Are we on the verge of -- or already in the middle of? -- a war between nation states and global organizations? Do we have the makings of a conflict between the dirt world and the digital world?
Electronic communications and strong global trade networks are creating a global production/consumption system where nation states seem to be accidents of history. On the other hand, nation states are the ones with guns and taxes; national leaders and their constituents live in a particular place and are still tied together by physical proximity.
A wonderful book recommended by Marc Smith bears on this topic: The Sources of Social Power, Volume 1, A history of power from the beginning to A.D. 1760 by Michael Mann. The Mann outlines a theory of social power, and then tests it through a masterful analysis of innumerable historical examples. For him, societies can be explained by the interactions among four power sources: ideological, economic, military and political relationships. The relative influence of these power sources varies. Cultures of conquest like the Assyrians and Incas were based on military power. The ideological power of the Catholic Church was key during the Middle Ages. Political power became more visible during the rise of the European monarchies, and was joined by economic power in the run-up to the Industrial Revolution.
Mann's other key claim is that "a society" as a well-defined unit of analysis is a fiction. Societies are shot through with power networks that have wildly different physical scales; in the Middle Ages, for example, political power was limited to the feudal manor and its immediate environs, while the ideological power of the Church reached in a uniform way across Western Europe. The constituent parts of notionally distinct "societies" thus overlap and intersect with each other in complex ways.
Mann's thinking applied to current conditions suggests that globalization and territoriality are not at odds. They are, in fact, power sources operating at different scales. Nation states have political and military power which is based on physical contiguity. Globalization is, so far, an economic phenomenon. (Ideology doesn't play much of a role - yet.) This is not unlike the situation Mann describes in the Middle East around 900 - 400 BC. A number of quite distinct power centers around the Mediterranean, from Egypt to Persia, were stitched together by Phoenician and Greek trade.
I therefore think that my fears of "vertical" conflict between national and global power players are overblown.
A much more likely fight is a "horizontal" one between nation states on the basis of the globalization enabled by digital technology.
I was told yesterday that business leaders in major companies are frustrated by inability of their CIOs to deliver the business system interconnection they need; outsourcing would be much more common than it is today if Service Oriented Architectures actually worked.
Another straw in the wind: some researchers suggest that demand for university places in India will rise to 9 million places in 2015, and 20 million places in China in 2025. The NCES projects that just over 2 million bachelor's and master's degrees will be conferred in the US in 2013. In other words: in less than ten years, there will be more than ten times as many qualified knowledge workers in Asia as in the US.
At this point interpretation becomes a matter of temperament and bias. Some people believe that the rise in international trade and the shift to a knowledge economy will lead to a happy world where everybody becomes more affluent. Richard Rosecrance argues from this corner in The Rise of the Virtual State: Wealth and Power in the Coming Century.

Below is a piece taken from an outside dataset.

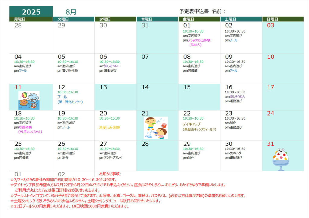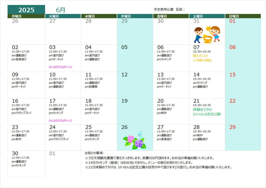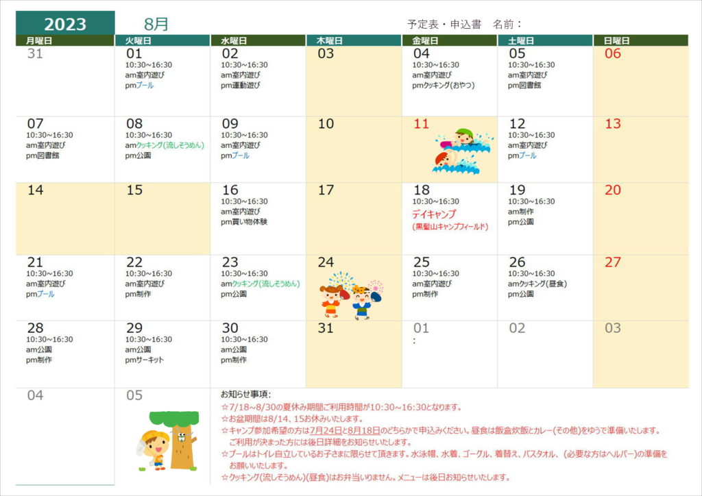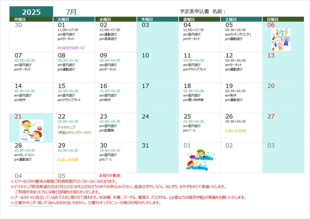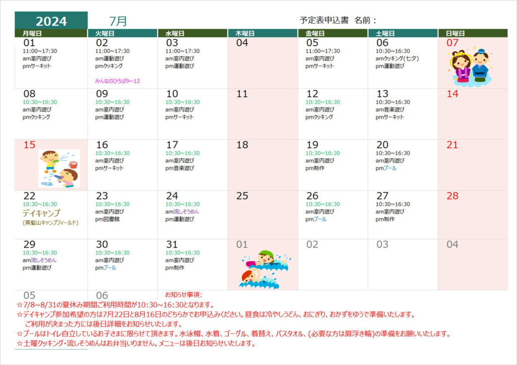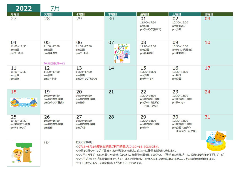 7月19日(火)クッキング(昼食)➡クッキング(おやつ)に変更します。

I'm not convinced; for my money, Prof. Rosecrance under-estimates the negative impact the rise of knowledge economies in Asia will have on earning potential and life-style of Americans and Europeans. The standard of living in Asia will certainly rise; the question is whether economic growth is enough of a non-zero sum game for US/EU living standards not to decline. Rosecrance argues that the rise of virtual economies will make military conquest obsolete. Even if this were true, it addresses only one of the four sources of power that Michael Mann uses.
Organizations with global aspirations, from international NGOs to multi-national companies, play a crucial role in accelerating the development of a world where such conflicts arise. They can also play a key role in defusing tensions. Countries go to war where there is no commonly accepted authority to resolve their differences. Global organizations can create the conditions where there is a common set of values within which conflicts can be worked out.
This does not necessarily imply a global government. Government is just one of Mann's four sources of power, ie political power. Ideology can play a similar role without the creation of a black helicopter brigade. But what ideology? I'm still thinking about that... Fifty years ago one might have proposed communism or capitalism. These days the most obvious candidate is neoliberalism. However, there's a more interesting possibility: the emergence of a ideology based on the synthesis of neoliberalism and socialist activism. One can see the makings of such a fusion in many technology companies whose employees are predominantly Left on social issues and Right on commercial ones.